What the exercise asks
When copying the data below, keep only the lines from the one with "교무금 책정과 납부 부탁드립니다 페이지" through the one with "White tee with", word for word, and skip the pictures.

Extracted information
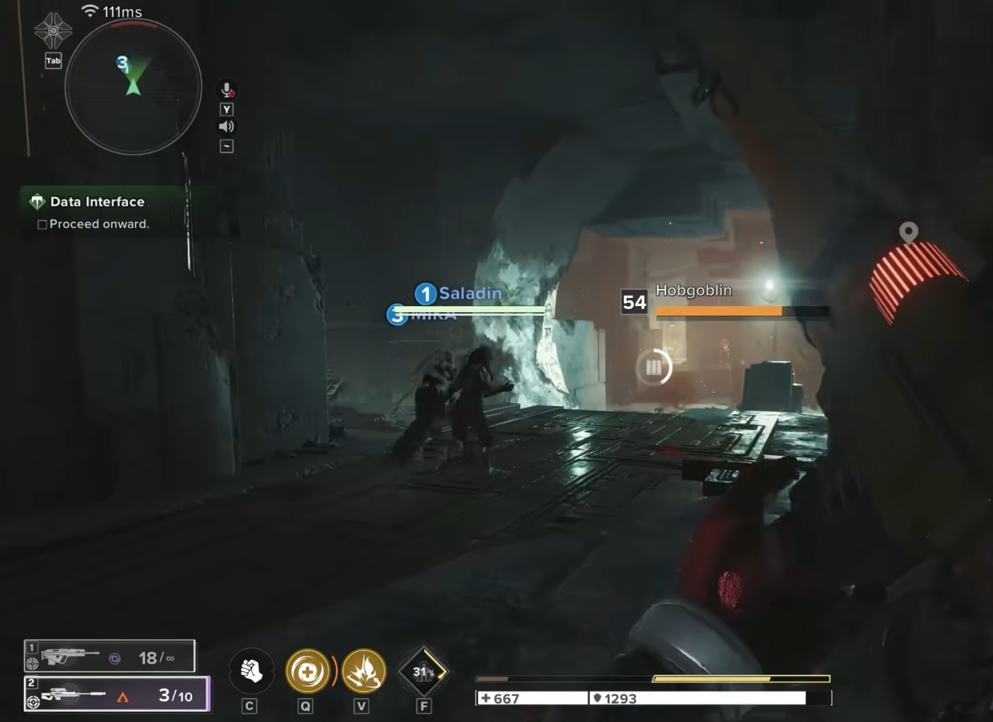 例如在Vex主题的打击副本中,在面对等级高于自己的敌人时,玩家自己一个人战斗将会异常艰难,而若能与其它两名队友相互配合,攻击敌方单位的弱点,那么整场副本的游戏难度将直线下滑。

==

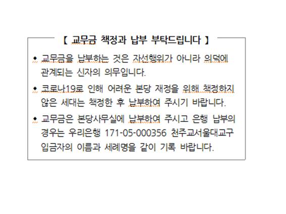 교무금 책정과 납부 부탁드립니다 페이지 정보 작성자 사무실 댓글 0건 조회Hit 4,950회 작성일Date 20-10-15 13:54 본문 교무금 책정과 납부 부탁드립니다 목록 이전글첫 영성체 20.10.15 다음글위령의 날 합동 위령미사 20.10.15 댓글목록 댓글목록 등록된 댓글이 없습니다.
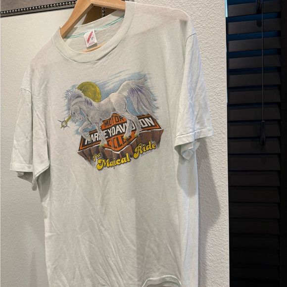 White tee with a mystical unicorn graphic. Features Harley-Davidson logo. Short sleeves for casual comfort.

Response
 교무금 책정과 납부 부탁드립니다 페이지 정보 작성자 사무실 댓글 0건 조회Hit 4,950회 작성일Date 20-10-15 13:54 본문 교무금 책정과 납부 부탁드립니다 목록 이전글첫 영성체 20.10.15 다음글위령의 날 합동 위령미사 20.10.15 댓글목록 댓글목록 등록된 댓글이 없습니다.
 White tee with a mystical unicorn graphic. Features Harley-Davidson logo. Short sleeves for casual comfort.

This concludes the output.